▸ **TASK INSTRUCTIONS**: Type out the whole listing again exactly, pictures omitted.
=== INPUT DATA ===
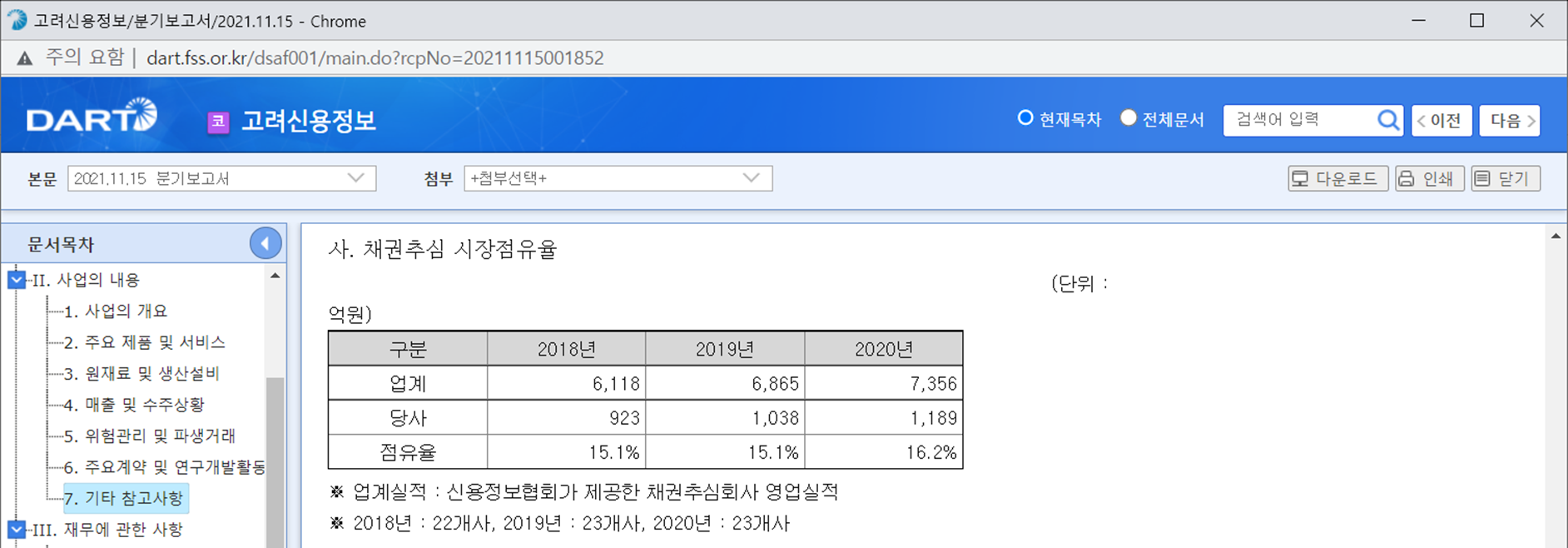 업종과 산업에 대한 기초자료는 보통 '기타 참고사항'에 별도로 있거나, '사업의 개요'에서 찾게 되는 경우가 많다. 일단 고려신용정보는 이 바닥의 1위다. 업체가 23개나 있으니까 다소 경쟁이 치열할 것 같은데, 시장점유율 기준으로 보면 압도적이다. 2~3위 업체의 점유율을 더 알 수 있으면 좋겠는데 상장사는 고려신용정보 한 곳뿐이라 리서치가 필요하다.
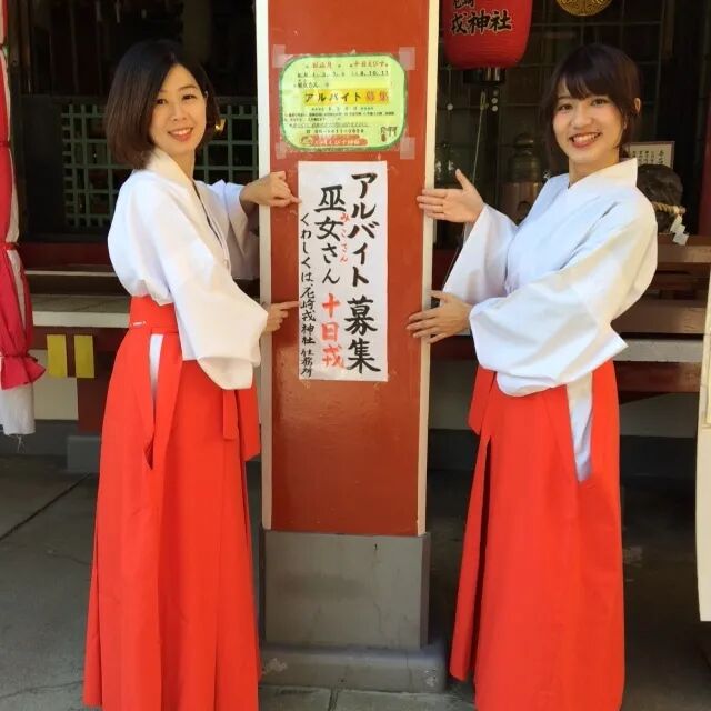 新的一年第一次去神社又叫做初詣(はつもうで),一般在1月1日到7日左右有名的神社都会很忙,所以临近年末的时候日本各大神社就会:招募巫女
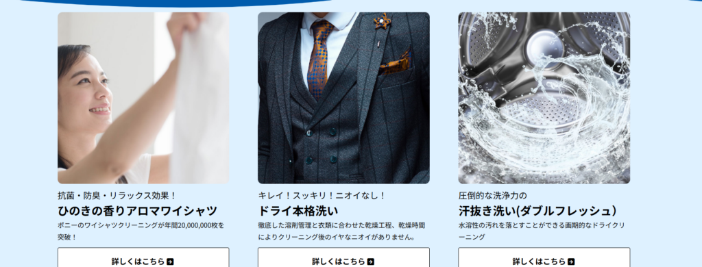 特にワイシャツなどの頻繁に洗う衣類については、価格面でのメリットが大きく、家計を意識する共働き世帯や一人暮らしの方に広く支持されています。また、店舗数が多く、生活圏内で利用しやすい点も強みです。
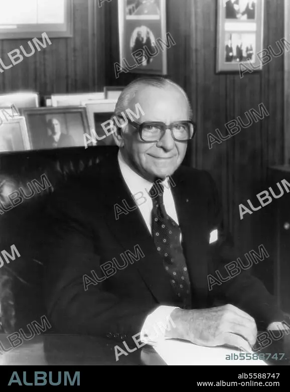 Caption: Hammer, Armand US Americ. industrialist and art collector of Bulgarian descent. 21.5.1898 New York - 10.12.1990 Los Angeles. Armand Hammer at writing desk. Photo, 1980.
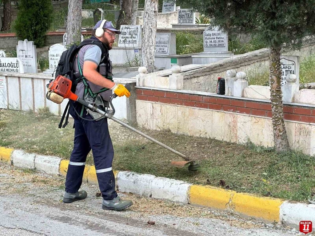 Bozüyük ilçe mezarlığında düzenli aralıklarla temizlik çalışması yapan Bozüyük Belediyesi ekipleri Kurban Bayramı öncesinde mezarlık genelinde genel bakım ve temizlik çalışmalarına başladı. Kış aylarının ardından havaların ısınması ile birlikte çalışmalara hız veren ekipler çalışmalar kapsamında sırt tırpanı ile ot temizliği yaparken mezarlık içerisindeki yollar da yol süpürme aracı ile süpürülerek temizleniyor. Ayrıca mezarlığın dik bölgelerinde vatandaşların ulaşımını kolaylaştırmak amacıyla yapılan merdiven yapım çalışması devam ediyor. Yapılan çalışmalar ile mezarlık içerisinin temiz ve bakımlı olmasını sağlıyor. – İHA
===
▸ **ANSWER TO THE PROBLEM**:
 업종과 산업에 대한 기초자료는 보통 '기타 참고사항'에 별도로 있거나, '사업의 개요'에서 찾게 되는 경우가 많다. 일단 고려신용정보는 이 바닥의 1위다. 업체가 23개나 있으니까 다소 경쟁이 치열할 것 같은데, 시장점유율 기준으로 보면 압도적이다. 2~3위 업체의 점유율을 더 알 수 있으면 좋겠는데 상장사는 고려신용정보 한 곳뿐이라 리서치가 필요하다.
 新的一年第一次去神社又叫做初詣(はつもうで),一般在1月1日到7日左右有名的神社都会很忙,所以临近年末的时候日本各大神社就会:招募巫女
 特にワイシャツなどの頻繁に洗う衣類については、価格面でのメリットが大きく、家計を意識する共働き世帯や一人暮らしの方に広く支持されています。また、店舗数が多く、生活圏内で利用しやすい点も強みです。
 Caption: Hammer, Armand US Americ. industrialist and art collector of Bulgarian descent. 21.5.1898 New York - 10.12.1990 Los Angeles. Armand Hammer at writing desk. Photo, 1980.
 Bozüyük ilçe mezarlığında düzenli aralıklarla temizlik çalışması yapan Bozüyük Belediyesi ekipleri Kurban Bayramı öncesinde mezarlık genelinde genel bakım ve temizlik çalışmalarına başladı. Kış aylarının ardından havaların ısınması ile birlikte çalışmalara hız veren ekipler çalışmalar kapsamında sırt tırpanı ile ot temizliği yaparken mezarlık içerisindeki yollar da yol süpürme aracı ile süpürülerek temizleniyor. Ayrıca mezarlığın dik bölgelerinde vatandaşların ulaşımını kolaylaştırmak amacıyla yapılan merdiven yapım çalışması devam ediyor. Yapılan çalışmalar ile mezarlık içerisinin temiz ve bakımlı olmasını sağlıyor. – İHA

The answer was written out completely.